Seorang gadis dan pedangnya menghadapi Zhou Xuzi dan enam Pengawal Agungnya sendirian.
Dia tidak mengucapkan sepatah kata pun. Bahkan, satu-satunya hal yang terpancar darinya saat ini hanyalah kebencian yang tak berkesudahan.
————
Alam Ilahi Surga Abadi.
“Wah!”
Yun Che membuka matanya dan menghela napas panjang.
“Ini jauh lebih mudah daripada sebelumnya.” Bintang-bintang di mata Shui Meiyin mulai bersinar dengan kekaguman yang tak ters掩掩 saat dia berseru, “Kakak Yun Che, kau sungguh luar biasa.”
“Begitu kau benar-benar menguasai sesuatu, mengendalikannya akan segera menjadi alami dan mudah,” jawab Yun Ched sambil tersenyum tipis. “Sepertinya kita bahkan tidak membutuhkan waktu tiga minggu. Aku seharusnya tidak mengalami kesulitan atau merasakan tekanan apa pun pada percobaan berikutnya.”
“Ya!” Shui Meiyin mengangguk dengan berat. Dia duduk di samping Yun Che dan membuka mulutnya seolah ingin mengatakan sesuatu.
“Hmmm? Kau ingin mengatakan sesuatu padaku?” tanya Yun Che sambil meliriknya sekilas.
“Ada… Ada rahasia lain yang menurutku Kakak Yun Che akhirnya harus tahu. Anggap saja itu sebagai… hadiahmu karena telah bekerja keras.”
Awalnya dia masih ragu, tetapi keraguannya berubah menjadi senyum bahagia saat dia mengucapkan kata-kata itu. Karena dia tahu bahwa kata-kata yang akan dia ucapkan pasti akan membuat Yun Che melompat kegirangan.

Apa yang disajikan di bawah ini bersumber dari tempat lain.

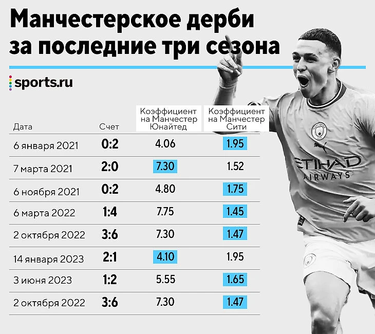 В эпоху Пепа Гвардиолы манчестерское дерби стало слишком предсказуемым с букмекерской точки зрения. За последние три сезона команды встретились восемь раз – ни в одном матче «Манчестер Юнайтед» не шел фаворитом.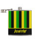 Jamaican flagga färgad Black, gult och grönt, rengjord höftkolv. Texten över grund är anpassadet så att du kan lägga till ditt eget namn eller meddelande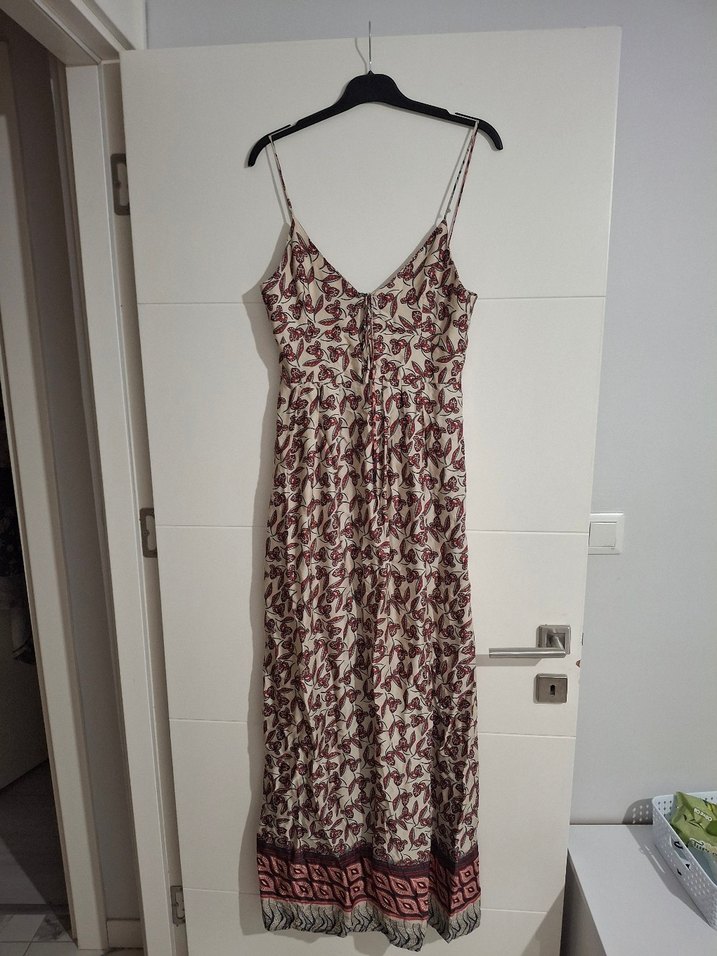 Bordo renkli, V yakalı ve ince askılı uzun elbise. Bol kesim, bağcıklı ve batik desenli, yumuşak sentetik kumaştan yapılmıştır. Günlük kullanım için uygundur.

“Kau ternyata masih merahasiakan sesuatu dariku?” Mata Yun Che membelalak lebar, ekspresi tidak puas terpancar di wajahnya. Ia mengulurkan kedua tangannya untuk memegang wajah Shui Meiyin, “Cepat beritahu aku! Cepat beritahu aku!”

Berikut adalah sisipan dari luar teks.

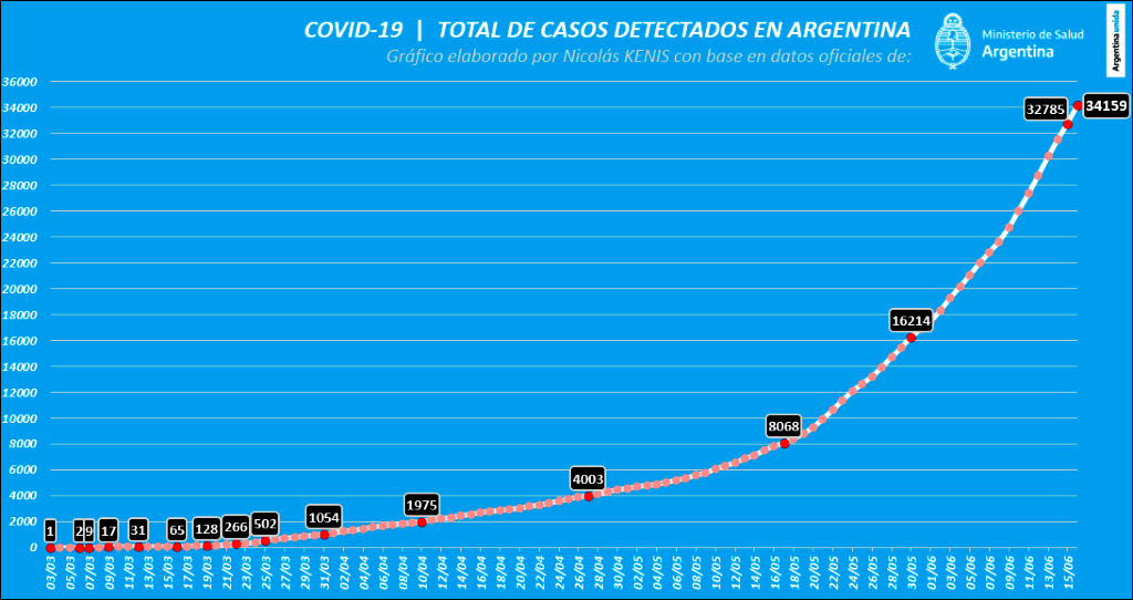 El Ministerio de Salud de la Nación confirmó en la noche de este martes 16 que 1.374 personas tuvieron un resultado positivo en la prueba sobre de la presencia del virus SARS CoV-2, causante de COVID-19. El dato se oficializó con la publicación del informe vespertino de la cartera sanitaria, que puede consultarse en este enlace y con el cual diariamente actualiza la situacional nacional en relación a la pandemia por el nuevo coronavirus.

“Wuuu… Kalau begitu, Kakak Yun Che, kau harus mempersiapkan hatimu dulu, oke?” Shui Meiyin membiarkan Yun Che mengusap wajahnya sambil tertawa riang.
“Baiklah!” Sekarang setelah dia mendapatkan kembali Bintang Kutub Biru dan menangis sepuasnya, dia tidak bisa memikirkan berita lain yang bisa mengguncang jiwanya.
Shui Meiyin menarik napas pelan sebelum perlahan menjawab, “Tuanmu… masih hidup.”